Exercise –
Take every line from the material that has the word "with" in it.
Supplied records: Begin
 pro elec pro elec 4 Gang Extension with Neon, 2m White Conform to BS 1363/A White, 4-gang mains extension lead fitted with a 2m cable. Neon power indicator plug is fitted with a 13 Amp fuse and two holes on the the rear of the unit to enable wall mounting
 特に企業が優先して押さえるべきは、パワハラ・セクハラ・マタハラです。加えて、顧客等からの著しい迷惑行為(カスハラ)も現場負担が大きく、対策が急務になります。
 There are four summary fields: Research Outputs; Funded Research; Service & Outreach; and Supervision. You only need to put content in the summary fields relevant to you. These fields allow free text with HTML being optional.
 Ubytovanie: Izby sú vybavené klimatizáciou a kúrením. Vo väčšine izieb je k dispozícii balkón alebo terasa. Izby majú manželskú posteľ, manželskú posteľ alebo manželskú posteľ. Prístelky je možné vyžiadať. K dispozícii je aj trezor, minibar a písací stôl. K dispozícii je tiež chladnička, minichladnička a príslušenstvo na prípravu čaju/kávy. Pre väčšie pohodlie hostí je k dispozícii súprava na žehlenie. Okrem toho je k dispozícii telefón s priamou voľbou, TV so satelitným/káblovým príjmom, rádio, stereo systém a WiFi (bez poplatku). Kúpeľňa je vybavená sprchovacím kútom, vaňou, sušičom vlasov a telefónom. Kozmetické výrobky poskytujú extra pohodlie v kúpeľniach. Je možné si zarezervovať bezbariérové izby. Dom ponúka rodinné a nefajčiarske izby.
Supplied records: End
Supplied records: Begin
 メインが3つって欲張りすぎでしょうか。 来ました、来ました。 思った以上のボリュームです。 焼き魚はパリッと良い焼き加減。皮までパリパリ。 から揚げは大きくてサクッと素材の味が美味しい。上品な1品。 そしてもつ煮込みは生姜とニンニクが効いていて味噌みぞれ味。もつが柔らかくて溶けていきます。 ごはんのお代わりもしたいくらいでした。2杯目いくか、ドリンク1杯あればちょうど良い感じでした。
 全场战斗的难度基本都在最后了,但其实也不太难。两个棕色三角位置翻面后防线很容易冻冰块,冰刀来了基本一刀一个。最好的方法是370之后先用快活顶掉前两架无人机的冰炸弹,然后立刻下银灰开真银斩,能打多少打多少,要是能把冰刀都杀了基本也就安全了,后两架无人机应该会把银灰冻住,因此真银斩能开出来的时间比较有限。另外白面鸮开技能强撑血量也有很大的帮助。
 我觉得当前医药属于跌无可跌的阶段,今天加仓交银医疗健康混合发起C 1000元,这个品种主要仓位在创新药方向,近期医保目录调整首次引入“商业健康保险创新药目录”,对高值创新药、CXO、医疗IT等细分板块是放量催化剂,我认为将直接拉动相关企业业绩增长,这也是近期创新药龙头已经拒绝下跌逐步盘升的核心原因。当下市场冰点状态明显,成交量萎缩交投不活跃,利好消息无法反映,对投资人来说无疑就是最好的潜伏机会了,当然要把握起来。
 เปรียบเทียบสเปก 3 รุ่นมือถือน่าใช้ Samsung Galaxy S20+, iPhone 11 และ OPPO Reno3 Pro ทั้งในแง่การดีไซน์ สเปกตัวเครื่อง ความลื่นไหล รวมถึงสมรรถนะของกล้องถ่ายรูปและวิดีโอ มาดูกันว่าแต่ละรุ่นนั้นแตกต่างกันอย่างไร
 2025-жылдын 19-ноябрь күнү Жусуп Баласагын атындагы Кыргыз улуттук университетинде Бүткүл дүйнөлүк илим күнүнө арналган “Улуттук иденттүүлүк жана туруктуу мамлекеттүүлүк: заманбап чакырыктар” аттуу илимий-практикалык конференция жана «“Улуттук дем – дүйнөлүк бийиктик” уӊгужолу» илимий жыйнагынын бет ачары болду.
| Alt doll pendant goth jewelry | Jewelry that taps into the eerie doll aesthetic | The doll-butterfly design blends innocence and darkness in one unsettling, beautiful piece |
Supplied records: End
Exercise solution –
 pro elec pro elec 4 Gang Extension with Neon, 2m White Conform to BS 1363/A White, 4-gang mains extension lead fitted with a 2m cable. Neon power indicator plug is fitted with a 13 Amp fuse and two holes on the the rear of the unit to enable wall mounting
 There are four summary fields: Research Outputs; Funded Research; Service & Outreach; and Supervision. You only need to put content in the summary fields relevant to you. These fields allow free text with HTML being optional.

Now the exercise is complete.